June’s challenge counted the most popular commands from a shell history. Some shells remember the last commands you used so you can start a new session and still have them available. For this exercise, I’ll assume the bash shell.
You setup the history feature by telling your shell to track the history. You want to remember 3,000 previous commands:
HISTFILE=/Users/brian/.bash_history HISTFILESIZE=3000 HISTSIZE=1500
There’s much you can do with your command history, but that’s not what I’m covering here. The bash history cheat sheet explains most of it.
There are two ways you can get at the history. You can run the history
command and pipe it to your Perl program as standard input, or you can read the history file (perhaps also piping it at standard input). The shell only writes to the file at the end of the session, so the file doesn’t know about recent commands. Also, each session merely appends to the file. Each session’s history is contiguous, so the file is not necessarily chronological. This doesn’t matter much to the challenge to find the overall popular commands.
Once you get the input, you have to figure out which part is the command. There are several issues there too. The first part of the line might be the command, a path to the command, or some sort of modifier for the command. A command line might have a pipeline of multiple commands or a series of separate commands. Some of the commands might be shell built-ins while others are external programs. Some commands might be user-defined aliases:
tail -f /var/log/system.log /usr/bin/tail/ -f /var/log/system.log sudo vi /etc/groups history | perl -pe 's/\A\s*\d+\s*//' grep ^_x /etc/passwd | cut -d : -f 1,5 | perl -C -Mutf8 -pe 's/:/ → /g' (cd /git/dumbbench; git pull origin master) perldoc -l SQL::Parser | xargs bbedit export HISTFILESIZE=3000 l
This breaks the challenge into three parts, the last of which is basic accumulator stuff that we show Learning Perl for many tasks.
- Get the history
- Extract the commands
- Count and report the results
I’ll cover each of those parts separately as I go through the answers.
Get the history
Most people opened a filehandle on the history file. Some people hard-coded the path while others made it relative to the home directory:
open( FILE, "/Users/me/.bash_history" ); # rm my $hist_file = "$ENV{HOME}/.bash_history"; # jose open my $hf, "<", $hist_file; my $path = $ENV{HOME}; # Dave M my $history = $path . '/' . '.bash_history'; open( my $f, '<', $history ); open HISTORY, $ENV{'HOME'}.'/.bash_history' # ulric or die "Cannot open .bash_history: $!";
Daniel Keane was the only person to use zsh, which has a history format with timestamps (one of the issues I noted with the bash history):
my $history_path = "$ENV{'HOME'}/.zhistory"; die "Cannot locate file: $history_path" unless -e $history_path; open(my $history_fh, '<', $history_path);
Neil Bowers used File::Slurp to get it all at once:
read_file($ENV{'HOME'}.'/.bash_history', chomp => 1);
Anonymous Coward set a default value for the history file but also allows people to override it with a command-line option:
my $histfile = "$ENV{HOME}/.bash_history"; my $position = 0; my $number = 10; GetOptions ( 'histfile=s' => \$histfile, 'position=i' => \$position, 'number=i' => \$number, );
A couple of people shelled out to run the history
command.
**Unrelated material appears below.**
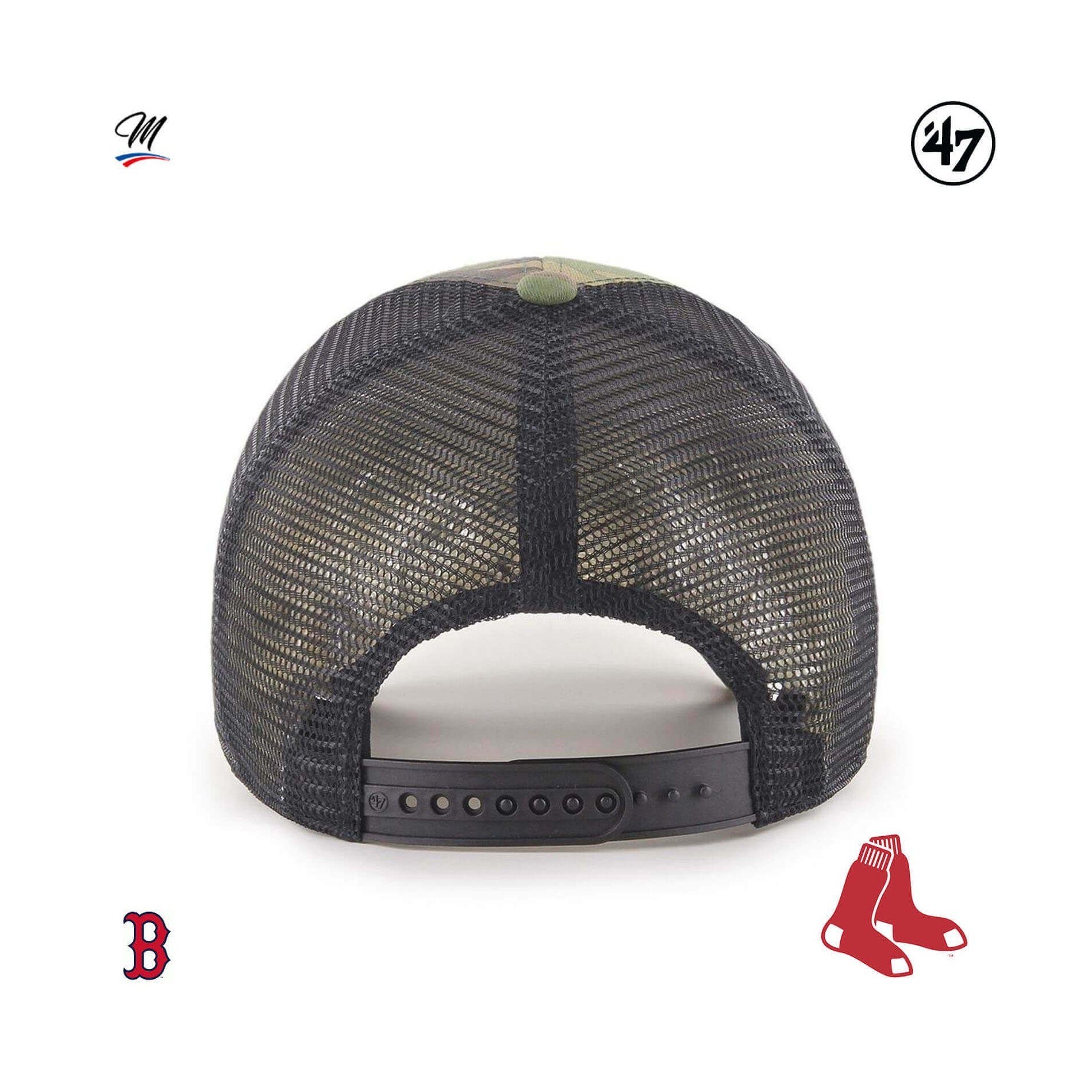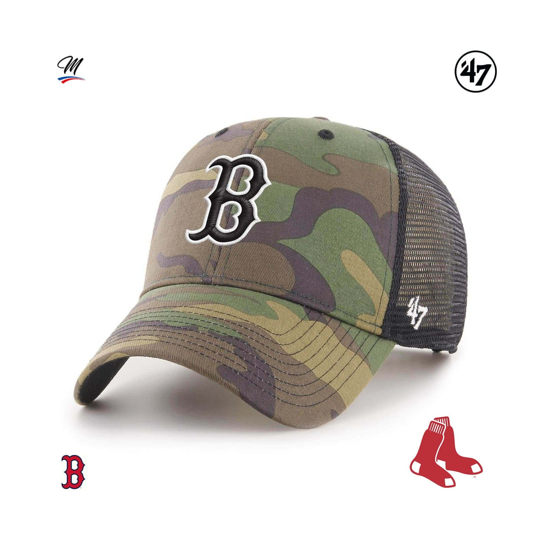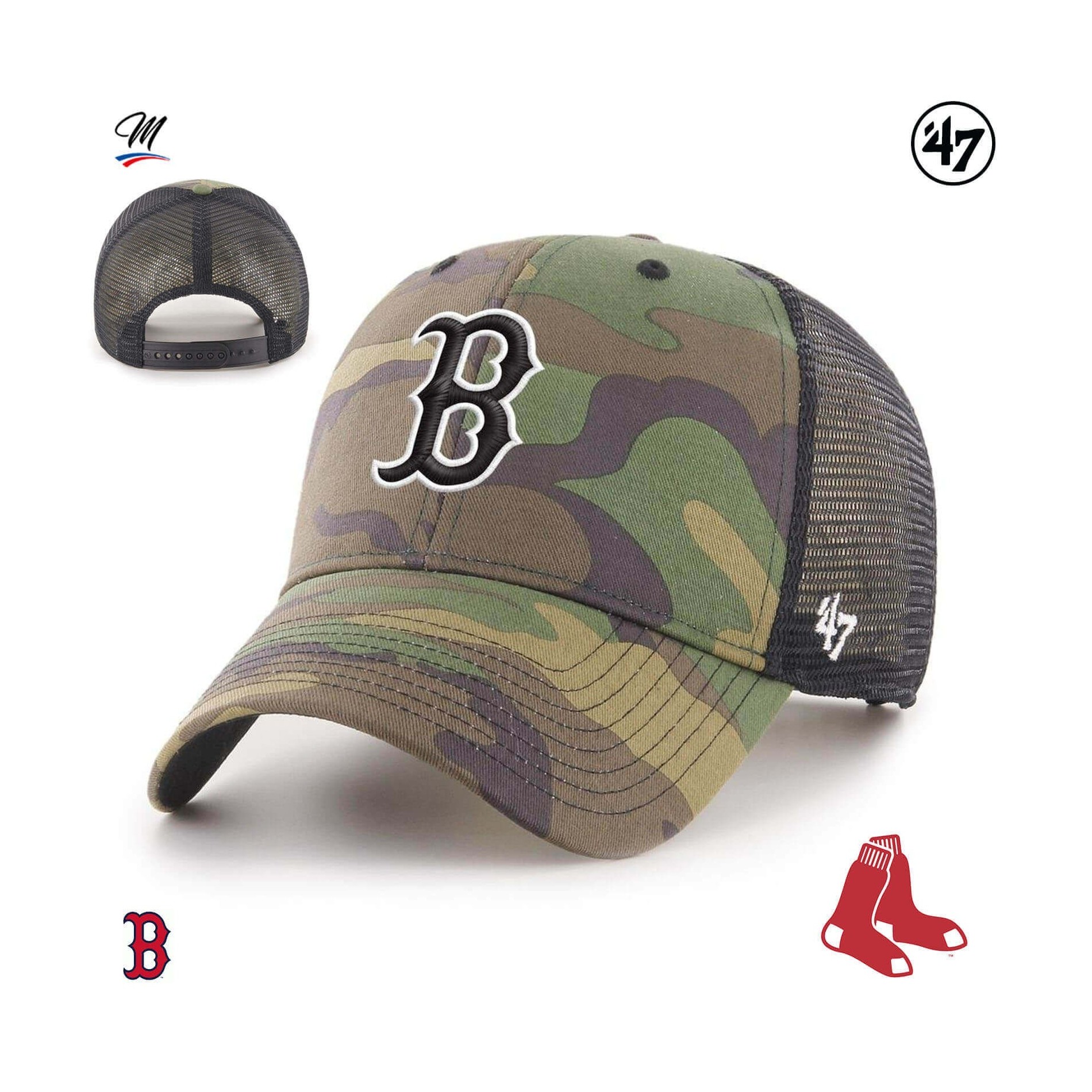 Branson '47 MVP Boston Red Sox Cap är en kamouflage, strukturerad, böjd baseball Trucker cap med upphöjt broderi på framsidan och '47 broderi på sidan.

WK used history -r
to add the history from the history file to the current history, then read the history from the command line:
my @history = qx/$ENV{ SHELL } -i -c "history -r; history"/; # WX
Javier's answer did much of the work in the shell and awk
:
my $get_cmds = qq/$ENV{'SHELL'} -i -c "history -r; history"/ . q/ | awk '{for (i=2; i>NF; i++) printf $i " "; print $NF}'/; chomp(my @cmds = qx# $get_cmds #);
The two winners for getting the data, however, are the two people who provided one-liners. They used standard input, which means they could handle either a file in @ARGV
or a pipe from history
:
VINIAN might get a "Useless use of cat Award", something Perl's Randal Schwartz used to hand out. The -a
switch (see perlrun splits on whitespace and puts the list in @F
:
% cat ~/.bash_history | perl -lane 'if ($F[0] eq "sudo"){$hash{$F[1]}++ } else { $hash{$F[0]}++ }; $count ++; END { @top = map { [ $_, $hash{$_} ] } sort { $hash{$b} <=> $hash{$a} } keys %hash; @max=@top[0..9]; printf("%10s%10d%10.2f%%\n", $_->[0], $_->[1], $_->[1]/$count*100) for @max}'
But, VINIAN's program would work with a file argument, As Chris Fedde uses:
% perl -lanE '$sum{$F[0]}++; END{ say "$_ $sum{$_}" for (reverse sort {$sum{$a} <=> $sum{$b}} keys %sum)}' ~/.bash_history | less
I would think that a better answer to this part would examine the environment variable for HISTFILE
, but jose notes that it doesn't work on cygwin. I did not investigate that.
Extract the commands
Extracting the commands is the tough part of the problem, but many people skipped most of that problem. They assumed the first group of non-whitespace was the command, possibly turning an absolute path to its basename.
jose used basename
is the command started with a /
:
$cmd = basename $cmd if $cmd and $cmd =~ /\//;
You don't really need to check that though. You could just take the basename though, as Dave M did unconditionally:
my $basename = basename( $args[0] );
This ignores something that would be harder to solve; what if two different commands have the same name? For instance, the system perl
and a user-installed one might have the same name. Either might be specified as just perl
depending on the PATH
, and the user-installed one might be a relative path. Most people counted the basename only.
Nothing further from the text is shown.